NAOC 2012 Recap

View from UBC

I’m back from Vancouver and the great joint meeting of many ornithological societies. Although there were a few issues, it was, all in all, a great meeting. The venue was beautiful; the University of British Columbia is perched on the end of a peninsula, with stunning views of water, mountains, and downtown Vancouver. The weather was pretty incredible as well: sunny and warm for most of the conference.

 

We had a packed schedule for the four-day meeting. We started at 8:30 with plenary talks from well-known biologists. In the opening plenary, Fiona Schmiegelow gave an overview of research on boreal songbird conservation. Unfortunately I missed the second plenary by Irby Lovette, but the last two were excellent: Roxanna Torres from UNAM led us through 20 years of research on color signaling in Blue-footed Boobies, and Peter Marra from the Smithsonian gave an impassioned plea for the importance of studying winter behavior in migrant birds, and the importance of linking breeding, migration, and wintering ecology.

The talks were all really high quality, not like it was 15 years ago when people were still transitioning into Powerpoint and presentations were still a mix of slides, overheads, and computer. There were 10(!) concurrent sessions, so at times it was a hard choice of which talk to attend.
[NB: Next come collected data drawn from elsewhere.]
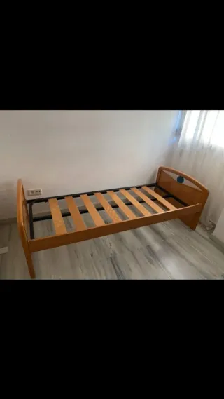 Estructura de cama individual de madera. precio 45 € - Medidas: 90 cm de ancho. - Acabado en tono madera natural. - También tengo Escritorio de madera en buen estado. Ideal para estudio u oficinas. Precio 27€. Ancho 150 cm, fondo 57 cm, alto 76 cm. Cajones 27 cm ancho. Se desmonta para su traslado. - Estantería de madera en color marrón para colgar en la pared. Está en buen estado y lista para usar. Ancho 150 cm, fondo 38 cm. Precio 15 €. - Mesita de noche Bonita mesilla de noche de madera, en muy buen estado. Altura 58 cm, fondo 48 cm, ancho 41 cm. Precio 37 €.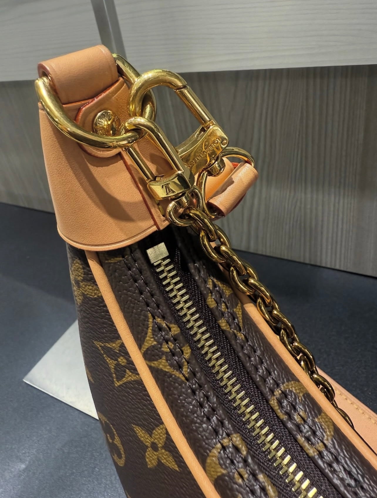 Its compact, body-friendly shape includes a removable chain-link handle for shoulder wear and a removable, adjustable leather strap for hands-free, crossbody convenience. The front zip pocket is finished with a signature LV Circle zip pull, adding an iconic touch.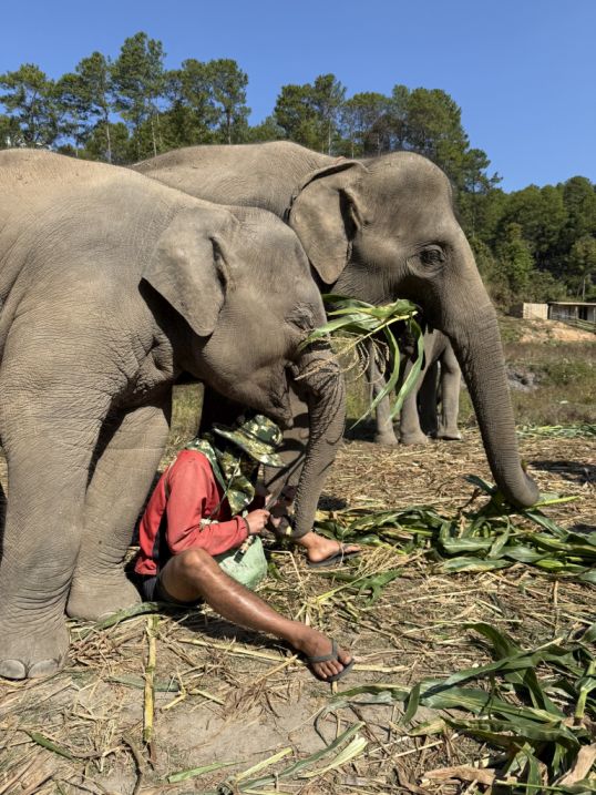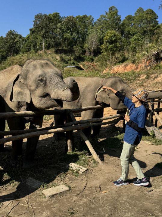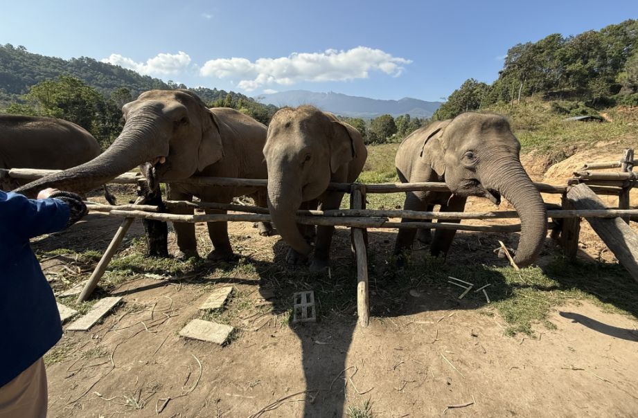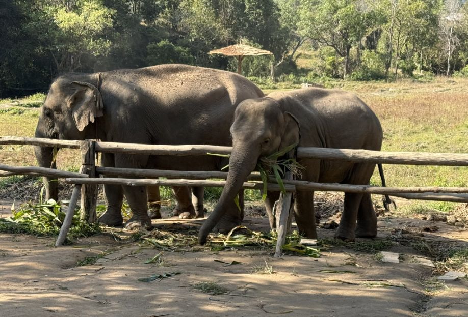 These elephants are what you might call “semi-free.” They are not confined in the way traditional camps once kept them, and they are no longer working in logging or giving rides. But they also can’t simply be released back into the wild. Many were born in captivity or have spent most of their lives around humans. They may lack survival skills, and in places like northern Thailand, there’s also limited safe habitat left for them. So sanctuaries like this exist in a kind of middle ground: they provide food, medical care, and protection, they allow more natural behaviors and social bonding. but they still rely on tourism to fund those operations.

I think the ISBE meetings in Sweden drew away some of the bird song and behavior people. That said, I still saw a number of great talks on sexual selection, bird song, noise impacts, acoustic monitoring, genomics, life history trade-offs, color, and a number of other topics. Sometimes the most unusual talks are the ones that are most memorable- in this case I might give the award to the talk by Mu-Chun Yao (National Tawain University) on how the endangered Fairy Pitta uses monkey poo as a predator deterrent on its nest.

At 5PM, the talks ended and the poster sessions began. The room was fairly spacious for two hundred posters and hundreds of presenters and browsers, although some nights it was on the warm side. I felt pretty good about the response to our poster on lateral biases in sage-grouse behaviors- I was talking to people about it for the entire session on both nights my poster was up. I was hoping someone who specialized in brain asymmetry or behavioral lateralization might stop by to offer criticism or advice on publishing, but unfortunately that didn’t happen. It’s really hard to see every poster even when you aren’t standing their explaining your own, so I’m not terribly surprised.
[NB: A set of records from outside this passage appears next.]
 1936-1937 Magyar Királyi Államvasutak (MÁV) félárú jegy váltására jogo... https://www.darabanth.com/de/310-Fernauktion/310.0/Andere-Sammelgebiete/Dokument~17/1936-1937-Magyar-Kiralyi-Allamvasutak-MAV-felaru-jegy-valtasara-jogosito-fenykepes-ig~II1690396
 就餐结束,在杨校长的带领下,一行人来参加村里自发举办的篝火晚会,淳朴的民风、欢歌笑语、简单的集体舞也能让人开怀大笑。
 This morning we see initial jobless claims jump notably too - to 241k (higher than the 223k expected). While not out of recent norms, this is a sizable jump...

A real highlight of the meeting was the Bird Band Jam- basically a concert at a local bar featuring several talented musicians from the conference.  I missed the first act, but caught a solo guitarist singing comical songs about birds and birding, then a wonderful sequence of bluegrass/Americana tunes that started with one group and slowly morphed over the course of several songs into another group. The night was capped by a more contemporary rock band that certainly got an A for effort. This was the first time I’ve seen this at a bird meeting (I know Ecological Society of America has something similar), and I think the consensus was to repeat this event in the future.

Closing Banquet in the Anthropology Museum

Meetings are always a good place to start up collaborations, and this one seemed particularly fruitful. I don’t know that I have anything to report right now but hopefully my conversations may have sparked a few projects that I will report on once they get a little closer to being concrete.

 

 

 

Meetings are also a good chance to catch up with old friends. I was pleased to run into four of my former sage-grouse assistants, including Conor Taff (now in our lab), Megan Jones (Florida State), Eli Rose (N.C. State), and the biggest blast from the past Jennifer Sheppard (U. Saskatchewan). I hadn’t seen Jenn since 2006 when she was part of our very first field crew in Wyoming. At that time she hadn’t even completed her undergraduate degree, so it was great to see her doing great work as a full fledged graduate student! I also got to see several former Acorn Woodpecker and Western Bluebird assistants from Hastings. Danika Kleiber is now in graduate school at UBC, and took Sarah Knutie, Lauryn Benedict and I to a waterfowl park south of Vancouver. We enjoyed getting EXTREMELY close looks at some neat birds like Cackling Goose and Sandhill Crane, which clearly warranted a celebratory fresh blueberry smoothie from a blueberry farm on the way back to Vancouver.

And again, congrats to Conor and Jim for their awards!